The path is now open for Jim Chalmers to stack the RBA board. So called “reforms” to the RBA board have now passed with the support of the Greens.
In the final parliamentary sitting day of 2024, the government rammed through a slew of more than 30 Bills. Quite how a bill could be scrutinized in the space of 15 minutes is unclear. But, nevertheless, the ALP persisted. Amongst this charade of a democratic process, was a bill to change the RBA board.
The Bill effectively splits the RBA’s board into a ‘governance board’ and a ‘monetary policy board’, the latter of which sets interest rates. Both the monetary policy board and the governance board have nine members: three from the RBA and six external members. The treasurer appoints those six external members.

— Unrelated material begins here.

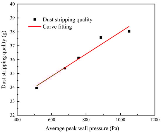 The fitting results show that the correlation coefficient R2 between the fitted average wall surface peak pressure and the quality of dust stripping is 0.96224, indicating that the fitting is good.

This is a significant concern. Currently, the RBA has six external appointees. Four are coalition appointments; two are Labor appointments. Those two are former union officials. With the changes, Jim Chalmers can appoint another six RBA members, bringing the number of labor-aligned appointments to eight. This effectively allows Jim Chalmers to stack the RBA boards and exert control over at least one of the RBA boards. That control is implicit: he cannot explicitly direct the board, but can appoint ideological travelers that he is sure will act in the same way he will act.
The problem is obvious: the treasurer can appoint apparatchiks. And, even if you like Jim Chalmers, do you then trust the Coalition to make better appointments when it is in power?

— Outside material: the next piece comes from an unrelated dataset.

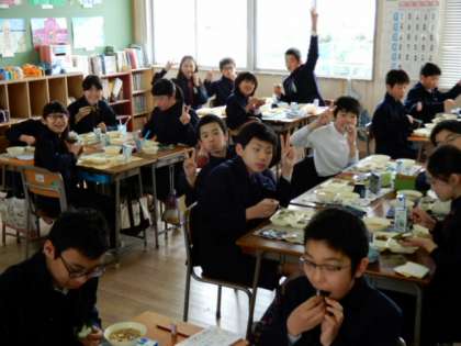 卒業まであと数日となった6年生は、卒業お祝い献立の手巻きご飯を頬張りながらクラスで会食を楽しみました。

The clear fear is that this is an attempt to procure a compliant RBA before the election. After all, Labor hopes for a rate cut before the next federal election. Jim Chalmers has repeatedly made misleading statements about inflation, which the ABS’s own inflation reports contradict. Specifically, the ABS has noted that the reason headline inflation appears low is because of temporary energy subsidies, which will not persist, whereupon inflation will mechanically spring back.
How then could this be improved? Well, an appropriate vetting process could help. This could involve candidates being approved in the Senate, akin to how cabinet positions are approved in the US. This could reduce party-political appointments by forcing the treasurer’s picks to secure broader support. However, such changes are unlikely to occur. After all, when the opposition becomes the government, it too will seek to redress the balance.